Federal Poverty Level 2014 at 100%

2014 Poverty Guidelines for the 48 Contiguous
States and the District of Columbia

Persons in family/

Poverty guideline


For families/households with more than 8 persons,
add $4,020 for each additional person.

The subsidies come in two forms. First, a monthly premium assistance tax credit will lower the premium amount an individual or family must pay. Second, cost-sharing assistance will limit a person's maximum out-of-pocket costs, and for some it will also reduce other cost-sharing requirements (i.e., deductibles, coinsurance, co-payments).  Subsidy eligibility and amounts are based on household income.

Medical Deduction Floor (Effective 2013)
Previously, medical costs that exceeded 7.5% of your adjusted gross income could be deducted.   Effective January 1, 2013, the 7.5% floor is increased to 10%. 

Unearned Income Medicare Contribution Tax (Effective 2013)
Effective January 1, 2013, a 3.8% Medicare tax is imposed on unearned income for people with incomes over $200,000 (or $250,000 for joint filers). Unearned  income, for purposes of the Medicare tax,  would include interest, dividends, royalties, rent, passive activity income (such as income passed-through from partnerships and S-corporations), and gain from the sale of property. With respect to the sale of a home, the 3.8% applies only to amounts that exceed gains of $250,000 for an individual and $500,000 for joint filers.
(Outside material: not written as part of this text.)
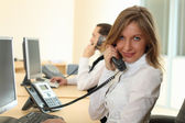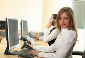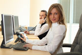 kobieta i mężczyzna na tle z telefonów i komputerów

Increase in Medicare Tax for High Income Earners (Effective 2013)
Currently, the Medicare tax rate is a flat 2.9% on all wage income, with both the employer and the employee paying exactly one-half of this amount. Starting in 2013, the flat 2.9% Medicare tax will continue to apply to wages under $200,000 (or under $250,000 for married couples filing a joint return). However, there will be an additional 0.9% Medicare tax on wages over $200,000 ($250,000 for joint filers).

Tax on Medical Devices (Effective 2013)
Effective 2013, the IRS shall impose an excise tax of 2.3% on the sales of any taxable medical device. 
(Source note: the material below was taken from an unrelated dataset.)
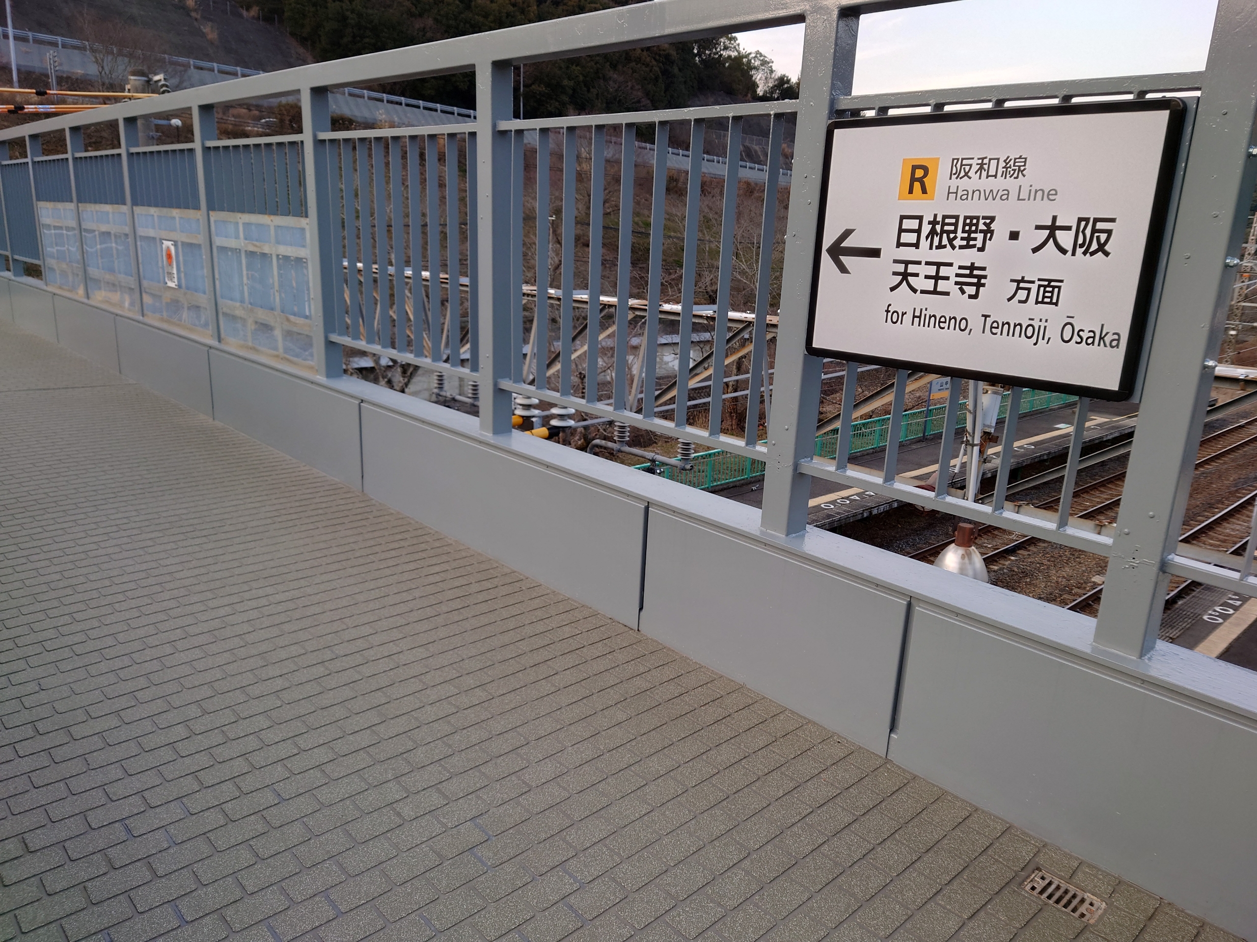 かつての跨線橋は黄緑色でしたが、今回の改装によりグレー調の塗色となりました。

W-2 Form reporting requirements (Effective 2012)
Beginning with the 2012 tax year, W-2 forms provided by employers to active employees (in the beginning of 2013) will show employees the value of their health insurance. However, the reporting is for informational purposes only; employees will not be taxed on this amount. The requirement was originally set to go into effect for the 2011 tax year, but implementation was delayed by the Internal Revenue Service.  This reporting does not apply to retirees who do not receive a Form W-2.

Closing of Medicare Drug Coverage Gap (Effective 2012)
In 2013, Retired Members whose prescription drug costs have entered the coverage gap or “donut hole” will receive a 52.5% discount on brand drugs and 21% for generic drugs.  The ACA is gradually closing the coverage gap, with it being eliminated by 2020 and Medicare Part D covering 75% of prescription drug costs.
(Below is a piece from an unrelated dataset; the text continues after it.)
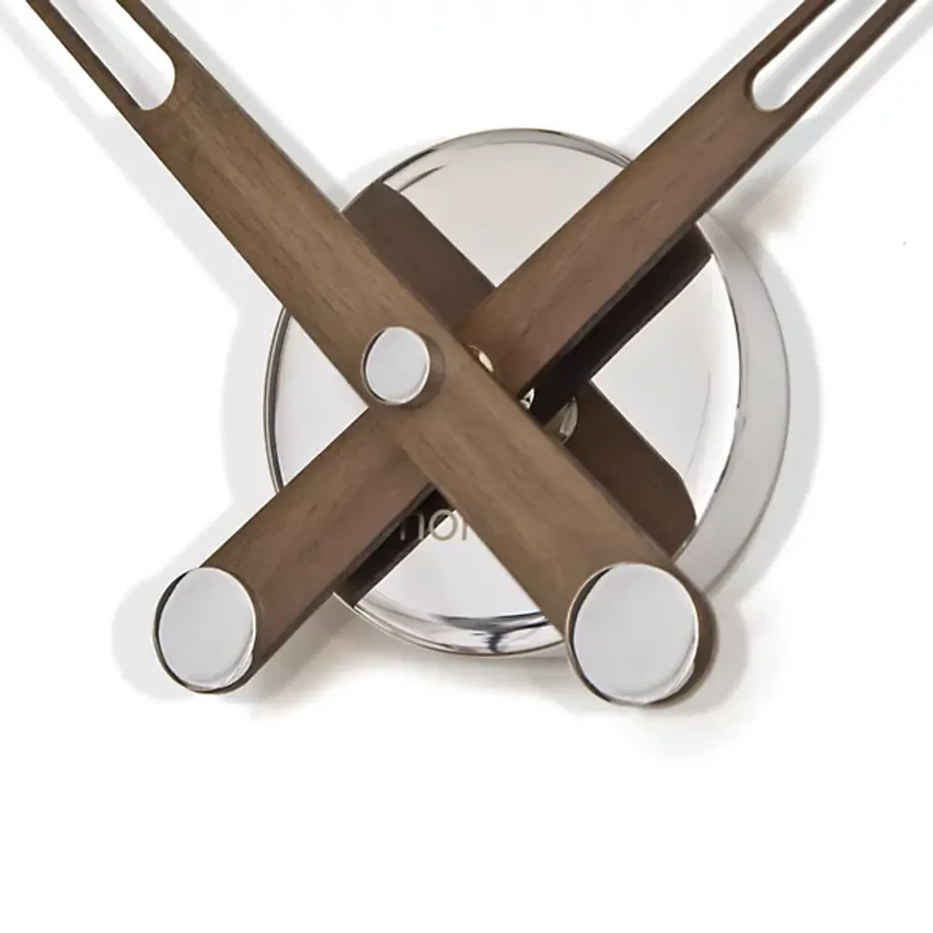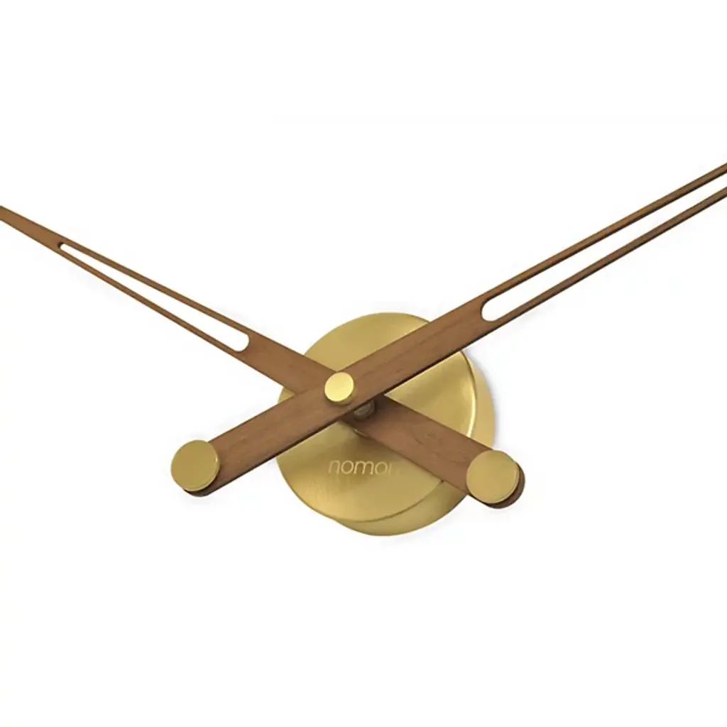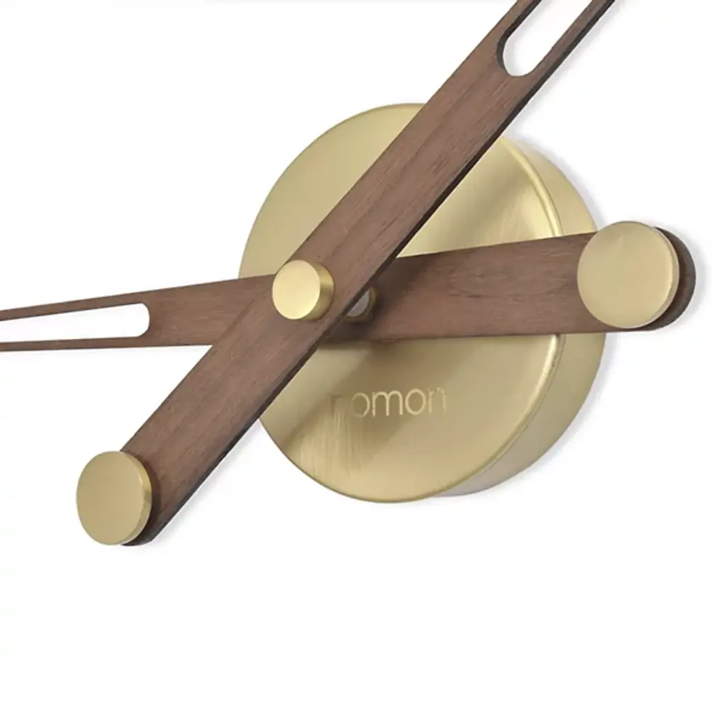 Decorate your wall space with the Axioma Wall Clock from Nomon. A simple yet functional design that can easily enhance an area and add a minimal feel. Features a beautiful chrome or polished brass center piece box with the choice of wooden or steel elongated hands.

Medical Loss Ratio Requirement (Effective 2012)
Medical insurance plans must have medical care and quality improvement costs represent at least 80% (for individual plans) or 85% (for fully-insured group plans) of the annual premium cost and issue rebates to subscribers or plan sponsors if these requirements are not met.

Medicare Part D Premiums for High Income Earners (Effective 2011)
Retired Members with incomes greater than $85,000 per year (or $170,000 for couples filing jointly) pay additional Medicare Part D premiums, referred to as Income Related Monthly Adjustment Amounts.